Client Installation
To use DataFlow extensions to KNIME with MapR
Perform the following steps on the client:
2. Uninstall the KNIME Public Server Access software. To uninstall:
a. Start KNIME.
b. From the Help menu, select About KNIME.
c. The About KNIME dialog is displayed with information about the KNIME instance. Click Installation Details at the bottom, left side of the dialog.
d. In the Select An Installation Details dialog, go to the Installed Software tab.
e. In the list of installed software packages dialog, select the package 'KNIME Public Server Access' and click Uninstall at the bottom of the dialog.
f. Follow the instructions provided by the Uninstall wizard to uninstall 'KNIME Public Server Access' software.
g. At the prompt, select the option to restart KNIME.
After restarting, KNIME is ready to access the MapR cluster.
3. Set up DataFlow in KNIME to access MapR cluster. To do this:
4. Install and configure the MapR client. To do this:
a. Install and configure the MapR client software. For installation instructions, visit the website
MapR client installation.
Note: Ensure that you follow the instructions to configure client access to the remote MapR cluster.
b. Verify that the UserID (UID) and GroupID (GID) is the same as the head node of the cluster. If not, then do the following:
1) Log in to the head node of the cluster as the mapr user and run the command id to get UID and GID.
2) Log in to the client as root user and run the following commands to set the UID and GID:
usermod -g <UID> <user name>
groupmod -g <GID> <group name>
3) Set the yarn.resourcemanager.hostname and yarn.application.classpath properties on the MapR client. Enter a value for resourcemanager.hostname and application.classpath properties in /opt/mapr/hadoop/<hadoop version>/etc/hadoop/yarn-site.xml file.
<property>
<name>yarn.resourcemanager.hostname</name>
<value>resourcemanager host name address</value>
<description>host is the host name of the resource manager</description>
</property>
<property>
<name>yarn.application.classpath</name>
<value></value>
</property>
c. If the properties are unavailable or the values not set, then to get the values for the properties:
• application.classpath – Run the command yarn classpath at the client’s command prompt.

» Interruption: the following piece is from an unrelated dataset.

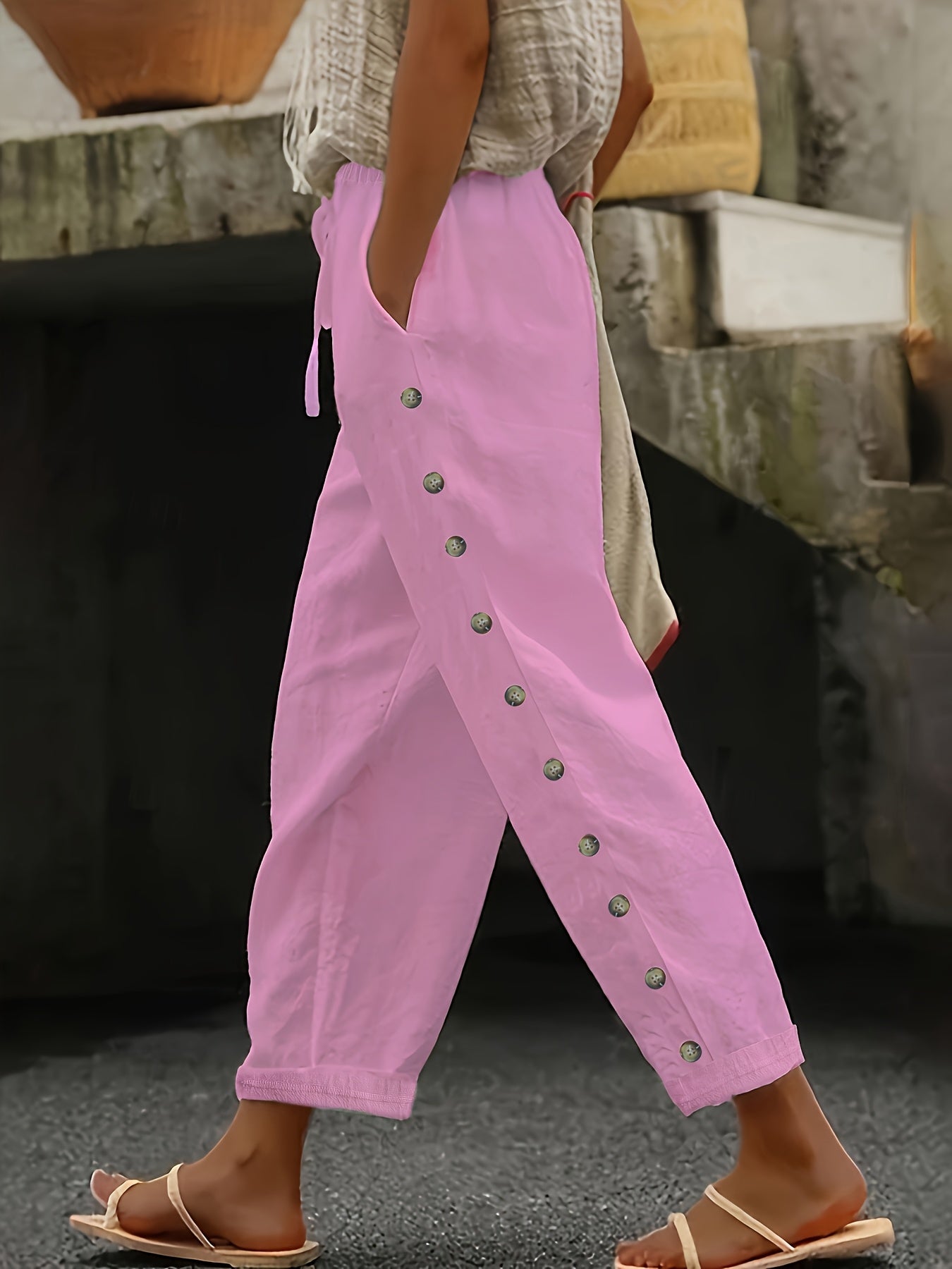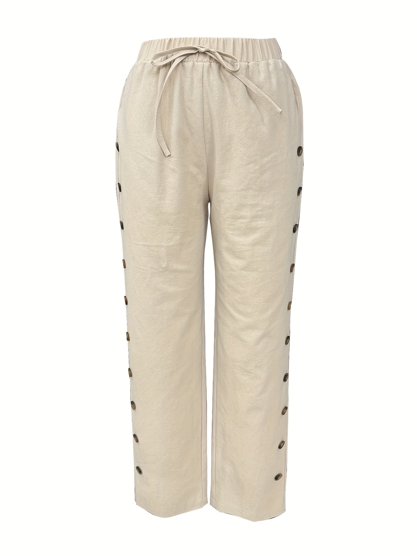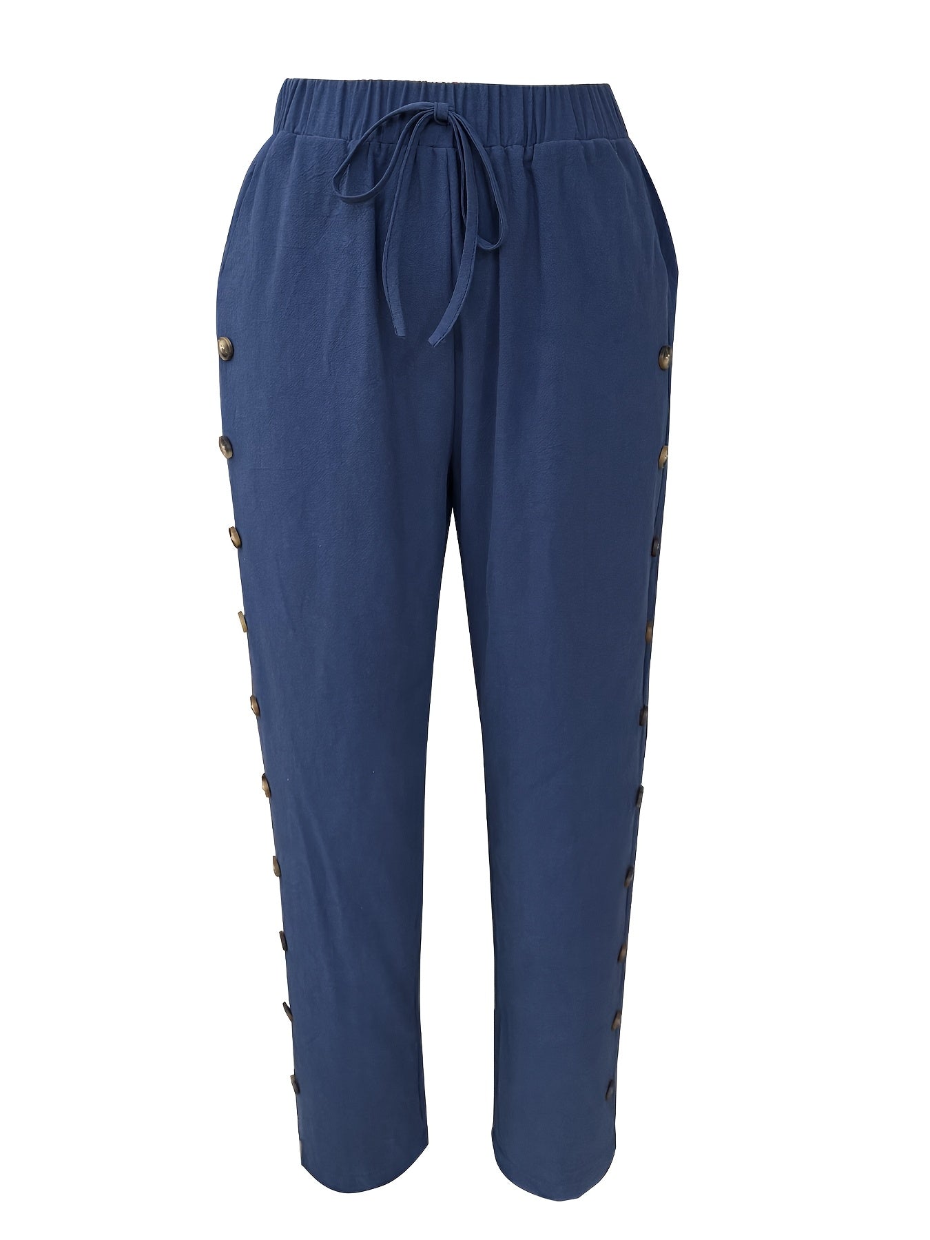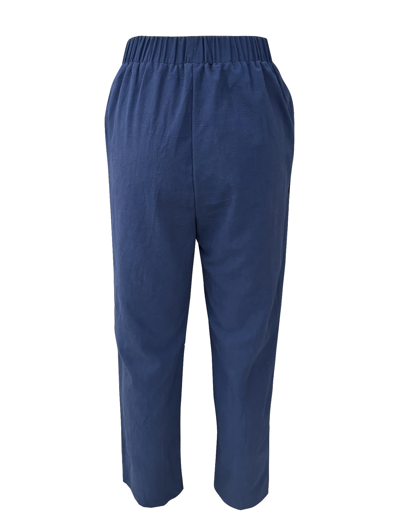 Women'S Elegant Casual Blue Straight-Leg Pants with Pearl Embellishments
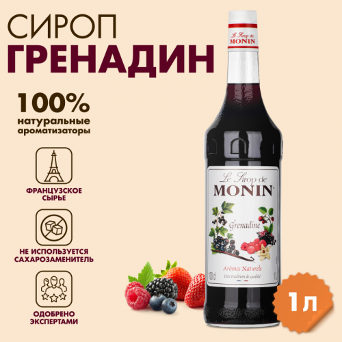 Сироп Monin Гренадинэто сладкий сироп соблазнительного рубиново-красного цвета, которая пригодится каждому гурману. Его название произошло от французского слова grenade, что значит гранат. Когда-то гренадиновый сироп действительно делали только из граната, однако сегодня для этого используется сок также других плодов и ягод. В изысканном аромате сиропа чувствуется тонкий шлейф ванили, а его кисло-сладкий вкус прекрасно утоляет жажду. Благодаря высокой концентрации сироп Монин Гренадин можно использовать очень экономично. С его помощью Вы сможете разнообразить вкус кофе, холодного чая, десертов, блинчиков и мороженого, а также приготовить огромное количество алкогольных и безалкогольных коктейлей, лимонад и кондитерские изделия. Стеклянная бутылка в фирменном стиле с закручивающейся крышкой украсит любую кухню или бар. Пищевая ценность на 100 гр. продукта (не менее) белки - 0г, жиры - 0 г, в том числе полинасыщенные жирные кислоты - 0г, углеводы - 73,8 г, в том числе сахар (сахароза) - 73,8 г, соль - 0,03 г. Энергетическая ценность на 100 гр. продукта 299 Ккал/1249 кДж. Хранить в сухом месте, вдали от солнечных лучей при температуре от 10 до 30 градусов до истечения срока годности. Вскрытую бутылку хранить при температуре от 20 до 26 градусов не более 3-х месяцев вдали от солнечных лучей.Вес 1 кг. Страна производства: Россия.

• resourcemanager.hostname – Run the command maprcli node list -columns hostname,csvc on the head node of the cluster.
Note: DataFlow on a MapR cluster can support only HBase version 0.94. To support HBase with MapR, manually add the HBase classpaths to the yarn.application.classpath and mapreduce.application.classpath properties. For example:
/opt/mapr/hbase/hbase-0.94.24/*, /opt/mapr/hbase/hbase-0.94.24/lib/*.
d. Set up the HADOOP_HOME environment variables before you run the RushScript or start KNIME to run the workflow. For example on Linux, export HADOOP_HOME=/opt/mapr/hadoop/hadoop-2.4.1.
Note: If the client is running on Windows, then set DR_HADOOP_CLASSPATH = %DR_HOME%/lib/hadoop.
In the Hadoop cluster, do not set the DR_HADOOP_CLASSPATH environment variable. If the value is set in the cluster, then the job might fail with the java.lang.LinkageError. If you receive the error, then run yarn classpath command in the cluster and set the DR_HADOOP_CLASSPATH variable with the result and run the job.
Verifying MapR Client Setup
After installing and configuring the MapR client, test the connection to the cluster. To do this, run the following code:
Test client install
$ /opt/mapr/hadoop/hadoop-2.4.1/bin/hdfs dfs -ls /
Found 5 items
drwxr-xr-x - mapr mapr 1 2014-10-16 12:13 /apps
drwxr-xr-x - mapr mapr 7 2014-10-22 14:39 /hbase
drwxrwxrwx - mapr mapr 1 2014-10-17 14:55 /tmp
drwxr-xr-x - mapr mapr 1 2014-09-09 13:08 /user
drwxr-xr-x - mapr mapr 1 2014-09-09 13:07 /var
Note: The path to the HDFS executable varies based on the installed location of the MapR client and the version of MapR.
The output of the command varies based on the current contents of HDFS. If the command runs successfully, then the MapR client is successfully installed and configured.